These performance patterns can also be linked to structural differences among the models. BERT relies on WordPiece tokenization and produces embeddings that vary more in magnitude than orientation, making it sensitive to the choice of Similarity metric. RoBERTa benefits from Byte-Pair Encoding (BPE) tokenization and large-scale pretraining with dynamic masking, which stabilizes its embeddings but increases model size and runtime cost.
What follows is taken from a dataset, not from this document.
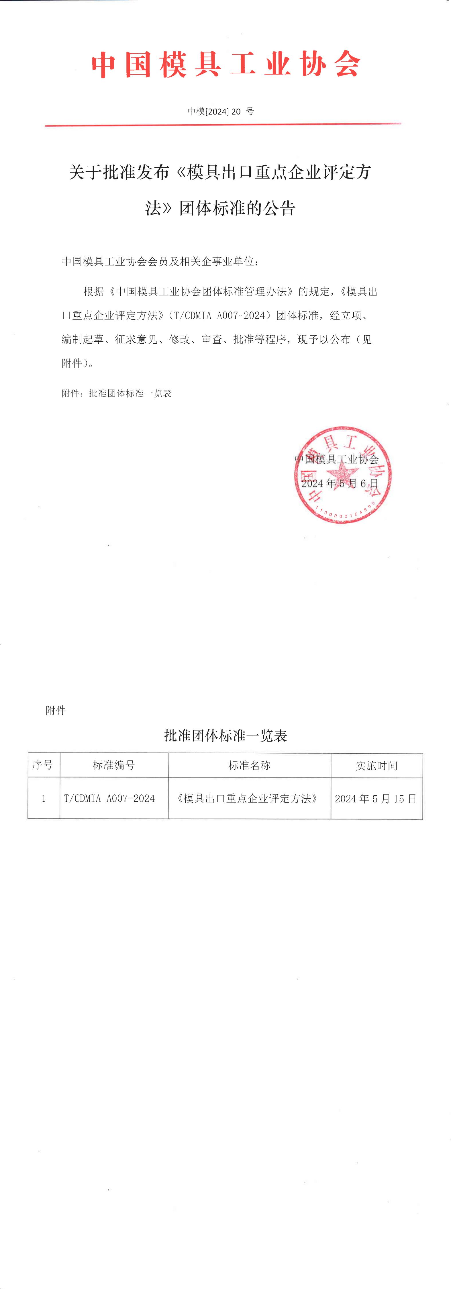 关于批准发布《模具出口重点企业评定方法》团体标准的公告

MPNet combines masked and permuted language modeling, allowing it to generate more balanced contextual embeddings and explaining its robustness across metrics. In simple terms, BERT tends to “stretch” or “shrink” its embeddings more than it rotates them, while RoBERTa and MPNet shape their vectors in a way that makes comparisons more consistent. This helps clarify why BERT can be thrown off by certain measures, whereas the others maintain steadier performance.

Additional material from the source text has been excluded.